Nem tudo, no entanto, representou apenas desafio. Houve a possibilidade de “avanço em outros campos”, entre eles o campo da humanização (“Existe uma política nacional de humanização na saúde que deveria alcançar os hospitais, mas no Pedro Ernesto isso nunca foi algo institucional, estamos tentando nos articular agora. Mas entendo também que implica colocar em questão a própria formação dos profissionais da área”) e o campo dos cuidados paliativos (“Precisa haver uma luta dentro da saúde para não permitir que os cuidados paliativos se transformem apenas em uma especialidade. Lidar com a morte, com o incurável, envolve outros aspectos na sua posição como ator do que aqueles meramente técnicos”).

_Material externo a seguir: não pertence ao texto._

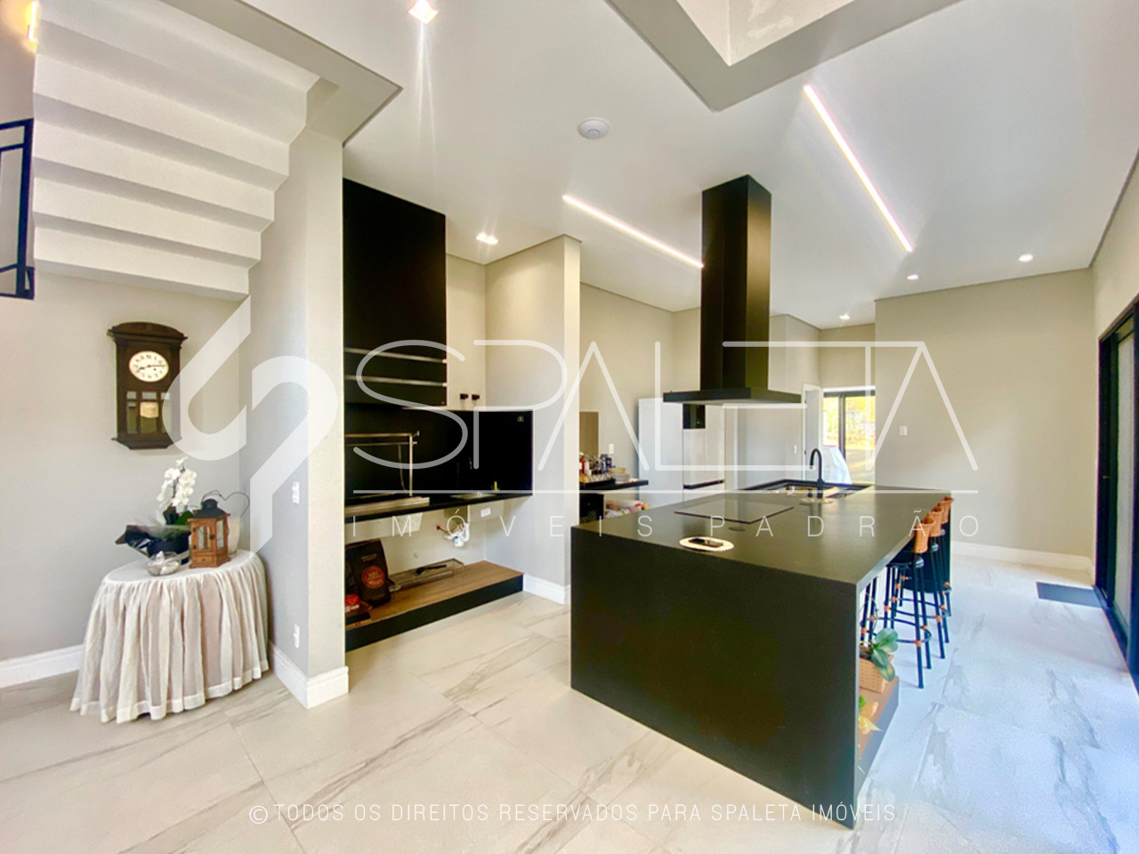 A sala integrada, com pé direito duplo de 6,91 metros, proporciona um ambiente amplo e iluminado, a ampla escada interna com vão permite a instalação de um elevador. O imóvel possui 3 suítes com varandas, sendo suíte principal com amplo closet e espaço para café e frigobar.

Apesar de todo esse panorama, a palestra de Vinícius Darriba, na noite do dia 27, tinha como foco a Psicanálise no contexto hospitalar. Em resposta à estudante Simone Bezerra, ele buscou desfazer alguns estereótipos no que se refere a este campo clínico e de investigação da psique humana: “Há essa discussão de associar a Psicanálise a um determinado setting, como se fosse imprescindível ter uma sala, um divã, tempo a perder de vista, bastante dinheiro para arcar com os custos do atendimento. Eu acho que conseguimos avançar no Brasil a ponto de ter superado essa questão, a partir do ensino do Jacques Lacan. Quando uma de minhas residentes foi ouvir e conversar com uma paciente à beira da morte por Covid, o que menos importou foi se a paciente pôde contar toda a história de sua vida ou não, pois foi um atendimento que durou uma tarde. Mas ali, sem um analista, talvez as coisas continuassem em uma paralisa por parte da paciente, da médica, de todos os envolvidos na cena”.

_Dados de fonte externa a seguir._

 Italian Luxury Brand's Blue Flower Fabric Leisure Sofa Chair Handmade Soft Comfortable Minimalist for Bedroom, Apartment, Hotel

Na descrição de Darriba, o analista aparece como uma importante ponte. No dia 24 de agosto, a mesma palavra, “ponte”, havia sido usada para descrever a inserção do psicólogo no cotidiano de um hospital. Quem a empregou foi Marcely Quirino Souza, coordenadora do Serviço de Psicologia Hospitalar do CHN. “A Resolução CFP nº 13/2007 nos diz que a atuação do psicólogo hospitalar abrange ‘avaliação e acompanhamento de intercorrências psíquicas dos pacientes que estão ou serão submetidos a procedimentos médicos visando à promoção e/ou à recuperação da saúde física e mental’”, lembrou Marcely, explicando em seguida: “Esse lugar é da medicina cartesiana, mas nós entramos nele para realizar esse tipo de procedimento, que envolve a subjetividade, a dor do paciente. Atuamos na promoção e no direcionamento da relação médico-paciente, paciente-família, paciente-paciente, e do paciente em relação a todo o processo de adoecimento dentro do hospital. Traduzindo isso tudo, nós trabalhamos como pontes, dando voz à dor desse paciente, que não é apenas física. Muitas vezes é a dor da perda de um órgão, de um procedimento cirúrgico. A hospitalização despersonaliza a pessoa, a internação por si só gera perda de autonomia”.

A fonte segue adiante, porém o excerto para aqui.